В ЦИЛИНДРИЧЕСКОЙ КАМЕРЕ

   Рени был молод и силен. Но длительное пребывание в кошмарной подземной темнице храма, двое суток в кромешной мгле и пронизывающей сырости могилы подорвали его здоровье и, нажимая на выступ сбоку от овальной двери цилиндрической камеры, он дрожал всем телом от лихорадочного озноба, помешавшего ему почувствовать даже естественный страх.
   Глаза, отвыкшие от света, нестерпимо резнуло ослепительное сияние вспыхнувшего шара. Рени упал на пол камеры.
   С резким звоном за ним захлопнулась дверь.
   Ему казалось, что он стремительно летит в какую-то бездонную пропасть. Нескончаемое «падение» вызывало тошноту. С трудом открыв глаза, юноша увидел перед самым своим лицом неподвижный и твердый пол камеры. Он никуда не падал, но ощущение падения не прекращалось.
   Собрав все силы, Рени поднялся. Стены кружились перед его глазами в бешеном хороводе. Они выглядели вертящимся туманом, и нельзя было определить, где же они находятся — здесь рядом или в бесконечном отдалении.
   А стоявшие перед ним четыре ложа оставались неподвижными.
   Рени сразу обратил на это внимание и понял, что стены действительно вертятся или производят впечатление вертящихся. Если бы у него кружилась голова, то и четыре ложа, похожие на саркофаги, кружились бы тоже.
   В измученном утомленном мозгу не возникало вопросов. Рени относился к окружающему с тупым безразличием. Он заранее знал, что здесь, в этом помещении пришельцев, его ожидает то, чего понять он не сможет.
   Машинально сделав шаг, юноша опустился на ближайшее ложе и лег, чтобы, закрыв глаза, не видеть вращения стен.
   Но прежде чем он успел сомкнуть веки, шар погас, и абсолютная темнота словно ринулась на него, гася сознание…
   Сколько времени прошло, Рени не знал, когда, открыв глаза, почувствовал, что снова способен соображать.
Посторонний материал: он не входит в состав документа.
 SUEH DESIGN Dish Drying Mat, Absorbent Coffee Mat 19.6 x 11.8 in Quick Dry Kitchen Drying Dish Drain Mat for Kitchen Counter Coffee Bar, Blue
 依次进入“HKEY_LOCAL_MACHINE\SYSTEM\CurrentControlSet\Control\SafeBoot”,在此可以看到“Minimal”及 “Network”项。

Был ли он без сознания или заснул? Если заснул, то сколько времени проспал?
   В камере был свет. Шар висел над головой, испуская бледное желтое сияние. Стены казались неподвижными, только временами их скрывали точно волны тумана, и тогда снова нельзя было понять, близко они или далеко.
   Рени чувствовал себя совершенно здоровым. Не было лихорадочного озноба, не испытывал он и слабости, от которой шатался на ногах, входя совсем недавно в эту камеру. Голова была ясна, и мысли текли четко.
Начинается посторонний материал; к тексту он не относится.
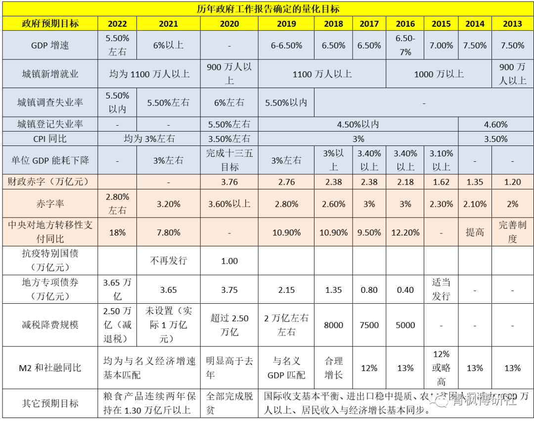 (一)2013年以來(lái)歷年政府工作報(bào)告量化目標(biāo)對(duì)比表
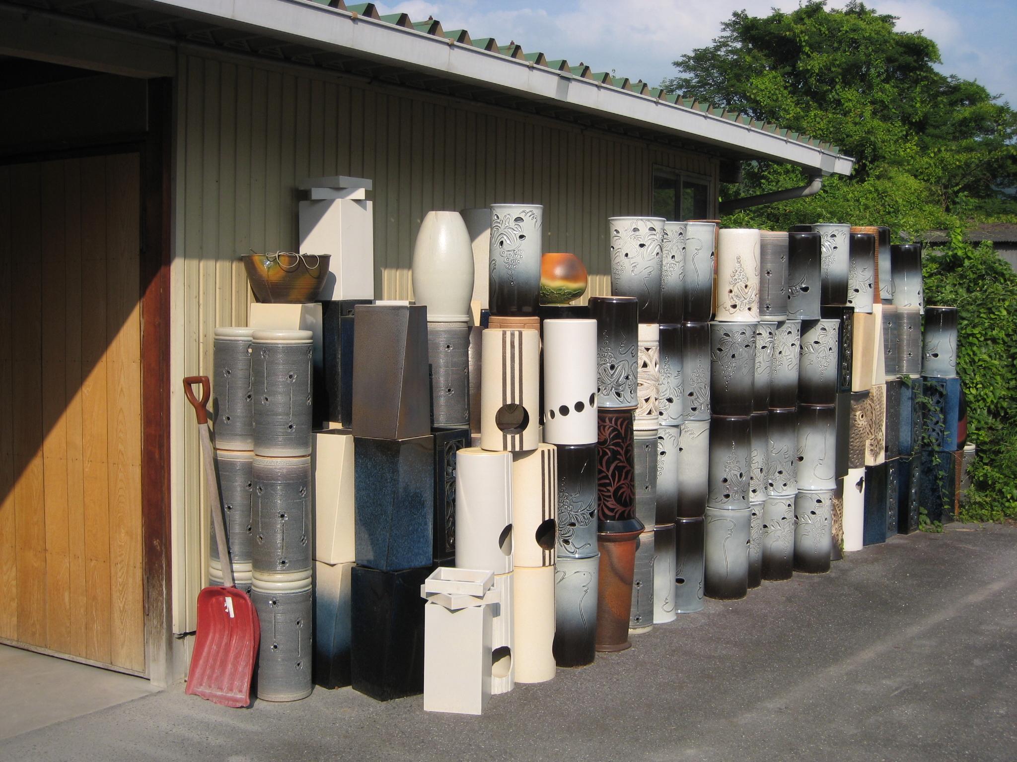道端に焼物いっぱい放置する、ガードの甘い風景に田舎を感じる。 -

   Его тонкий слух улавливал какие-то звуки, едва различимые, но несомненные, похожие на шорох сухих листьев или человеческие голоса, доносящиеся с большого расстояния. Один раз он отчетливо услышал, как очень далеко, на пределе слышимости, раздался металлический звук закрывающейся двери.
   Человечество не придумало еще слова «галлюцинация», и Рени не мог подумать о ней, но мысль, явившаяся ему, близко подходила к этому понятию.
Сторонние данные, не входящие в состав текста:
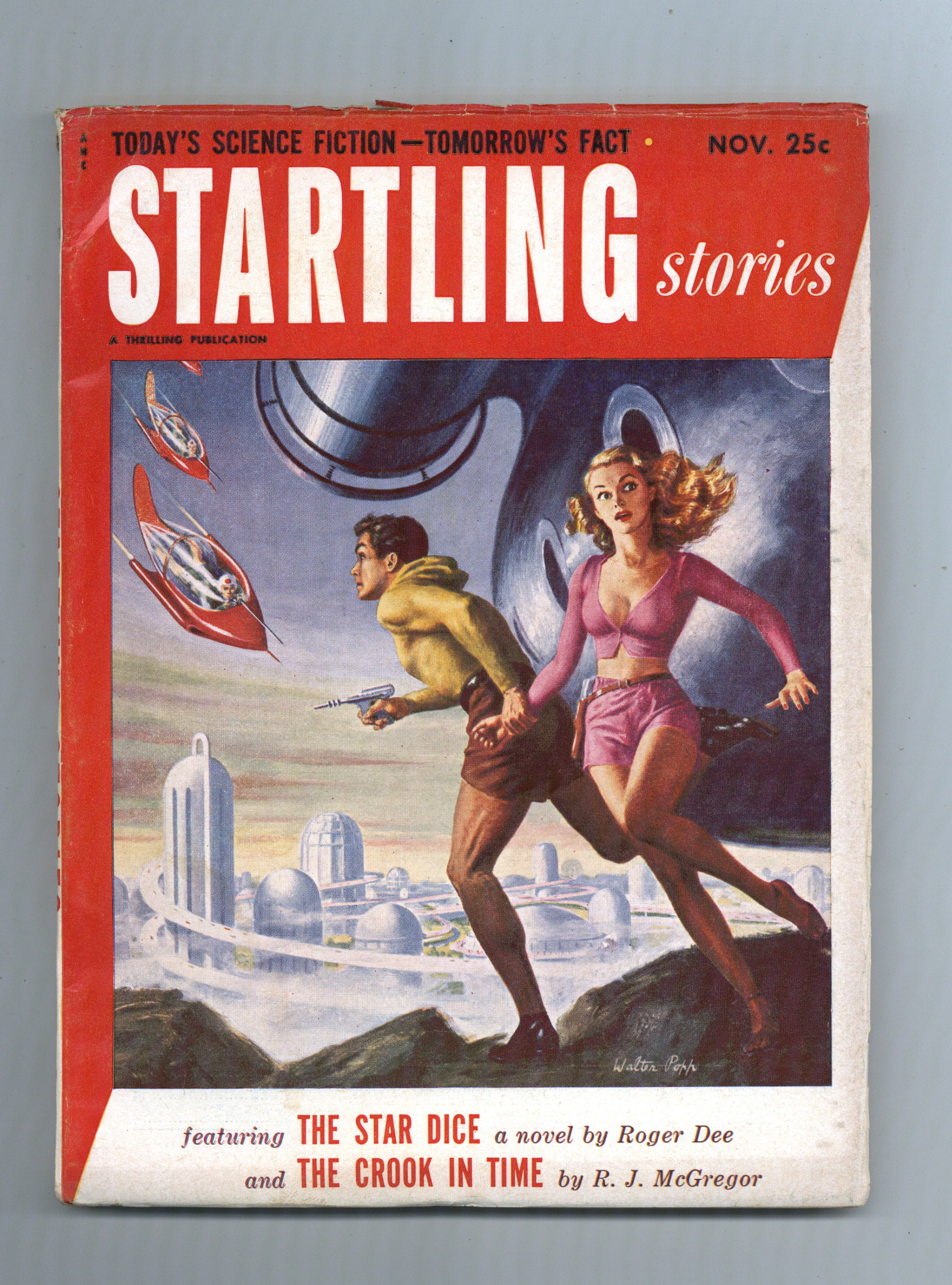 Volume 28, Issue 1 - November, 1952. Cover by Walter Popp. Stories: "The Star Dice" by Roger Dee, "The Crook In Time" by R.J. McGregor, "The Night The World Turned Over" by Joel Townsley Rogers, "Proposal" by L. Sprague de Camp, and "Some Like It Cold" by Dave Dryfoos. Softcover Pulp, 7-in x 9-in, 150 Pages, B&W. Cover price $0.25.

   Он снова закрыл глаза и погрузился в свои мысли, стараясь не обращать внимания на звуки, которые, как он был уверен, только кажутся ему. А может быть, эти звуки издавал шар, что было вполне возможно.
   Прошло ли намеченное им время? Находится ли он здесь задуманные полтора часа и не пора ли ему открыть дверь и выйти на поверхность земли?
   Голода он не ощущал. Значит, никак не могло пройти очень много времени. И Геза не приходил еще, как обещал, чтобы выпустить его. Вероятно, он спал недолго и полтора часа еще не прошли. Рени было досадно, что он заснул и потерял представление о времени. Так может случиться, что он выйдет не через сто двадцать лун, а через двести или более. Но тогда почему же не пришел Геза и не разбудил его?
   Рискнуть?..
   «Нет, — подумал Рени, — этого нельзя делать, я могу ошибаться. Могло пройти всего несколько минут. А тогда меня сразу узнают там, наверху. Меня схватят и казнят. Я погублю не только себя, но и Гезу. Надо ждать».
   И вдруг… Рени с ужасом понял, что без помощи Гезы вообще не сможет выйти отсюда.
   Дверь была хорошо видна, но никаких выступов или запоров на ней не было. Не было и ручки, а дверь открывалась внутрь камеры. Не за что уцепиться даже ногтями, место соприкосновения двери со стенами виднелось как тончайшая нить.
   «Если с Гезой что-нибудь случилось, — подумал Рени, — я погиб. Я задохнусь здесь».
   Воздух был чист, но Рени понимал, что его очень мало и не может хватить надолго.
   — Об этом мы не подумали, — сказал он громко.
   Избежав смерти от рук жрецов, Рени не хотел умирать сейчас.
   Он попытался вскочить, но не смог этого сделать. Какая то сила удерживала его на ложе. Он не мог поднять даже руки, не мог вообще пошевелиться.
   Он не был привязан. Он лежал совершенно свободным, его мускулы были крепки, как всегда. И все же подняться он не мог. Его ничто не давило, ничто не притягивало к ложу, дыхание было свободно, но было такое впечатление, что сам воздух камеры приобрел большую плотность и силы мускулов оказалось недостаточно, чтобы преодолеть ее.
   Испугался ли Рени? Нет, чувство, которое его охватило, не было страхом. Это было гнетущее сознание беспомощности и обреченности.
   «Пришельцы сказали правду, — подумал он, — всякий, кто сюда войдет, обречен на смерть. Но почему не умерли они сами?»
   Он не знал, что случилось с пришельцами, но был непоколебимо убежден, что четыре белолицых незнакомца не пошли на верную смерть, входя в эту камеру. Они говорили, что уходят к другим людям.
   Эти слова были непонятны, но полны уверенности. Пришельцы знали, что говорили.
   «Где они? — думал Рени. — Они вошли сюда, где сейчас нахожусь я. Куда же они делись отсюда?»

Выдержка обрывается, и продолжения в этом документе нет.